Not a dear diary post today — I have a couple up my sleeve though.

In the corporate world, promoting a slave to a master requires many years of hard work, obtaining a suitable business degree, getting an MBA, and having a taste for promotion. The alternative is getting that break as an entrepreneur where you start as the master of your own destiny and end being the master when the money runs out or you take the money and move on.

In MySQL–land, failovers for redundancy, disaster recovery, or load balancing are performed by master databases and slave databases, the most popular method using binlog replication.

Note: This commands are valid for MySQL 3.23,4.0,4.1,5.0 and 5.1

For older versions:

  1. replace RESET MASTER with FLUSH MASTER.
  2. replace RESET SLAVE with FLUSH SLAVE.

In a simple configuration you might have one master and one slave.

Recipe to promote a slave to a master for simple replication.

On Master:

  1. FLUSH LOGS;

On Slave:

  1. STOP SLAVE;
  2. RESET MASTER;
  3. Optional: CHANGE MASTER TO MASTER_HOST='';

More complex setups

A chain of replication using a slave as a pseudo master for another slave. Kind of like having a king with a local sheriff taking orders and then telling the serf.

eg: master M1 -> slave S1 -> slave S2

Note: Slave S1 has --log-slave-updates enabled

Recipe to promote a slave to a master for simple chained replication.

On Master M1:

  1. FLUSH LOGS;

On Slave S1:

  1. STOP SLAVE;
  2. RESET MASTER;
  3. Optional: CHANGE MASTER TO MASTER_HOST='';

On Slave S2:

  1. STOP SLAVE;
  2. RESET SLAVE;
  3. START SLAVE;

If you have a multiple slave replication with one master and two or more slaves.

eg: slave S2 slave S1

Recipe to promote a slave to a master for multiple slave replication.

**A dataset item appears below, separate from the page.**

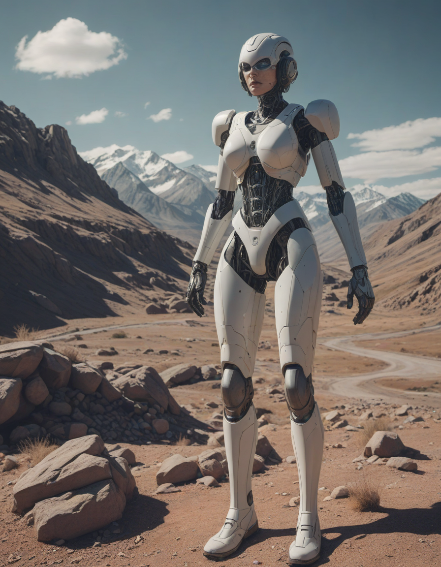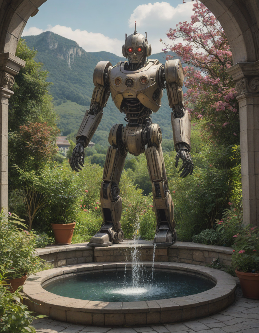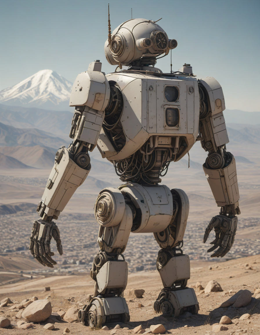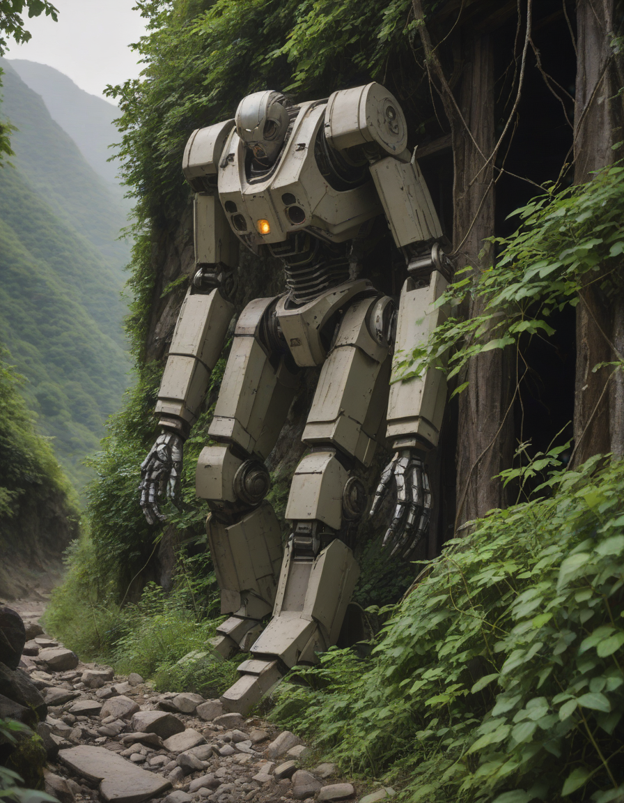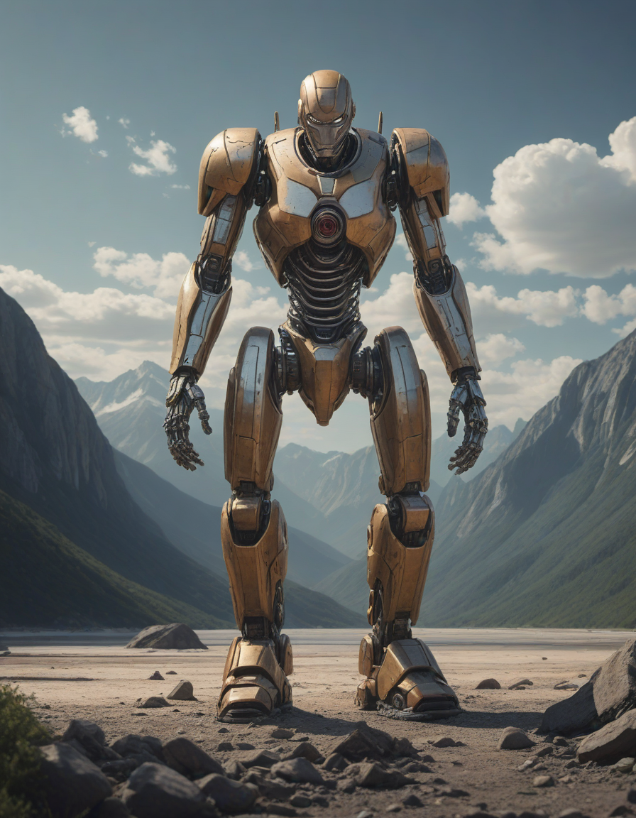 Life, Giant robot looming, they are flushed with embarrassment, Distant mountain landscape, Stretching leisurely, heart skipping a beat, Blinding speed
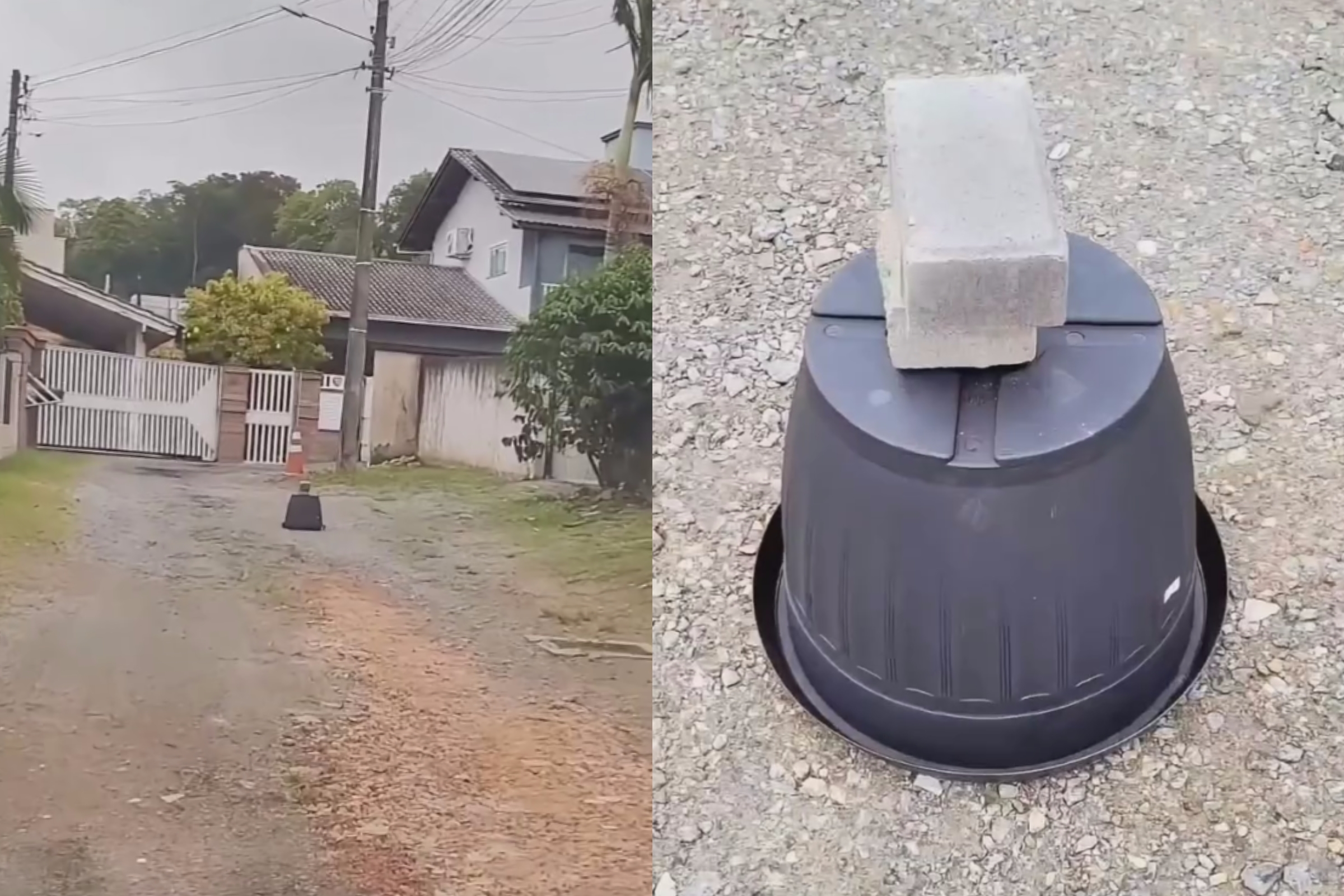 “Tá lá no meio da rua, olha só, colocaram um balde pra prender ele ali. Caraca, colocaram dois tijolos ali em cima do balde”, narrou, enquanto se preparava para descobrir o que estava escondido.

Note: Slave S2 is going to use the newly promoted slave S1 as its master.

On Master M1:

  1. FLUSH LOGS;

On Slave S1:

  1. STOP SLAVE;
  2. RESET MASTER;
  3. Optional: CHANGE MASTER TO MASTER_HOST='';

On Slave S2:

  1. STOP SLAVE;
  2. CHANGE MASTER TO MASTER_HOST = 'SLAVE S1 hostname';
  3. RESET SLAVE;
  4. START SLAVE;

Verification:

Once you have used one the recipes, and you are keen to taste the results, run the command

SHOW SLAVE STATUS;

Make sure that the binlog for the master is actually the correct one.

One of the joys of using MySQL is the simple commands required to perform a task that can require some fancy footwork on other RDBMSs.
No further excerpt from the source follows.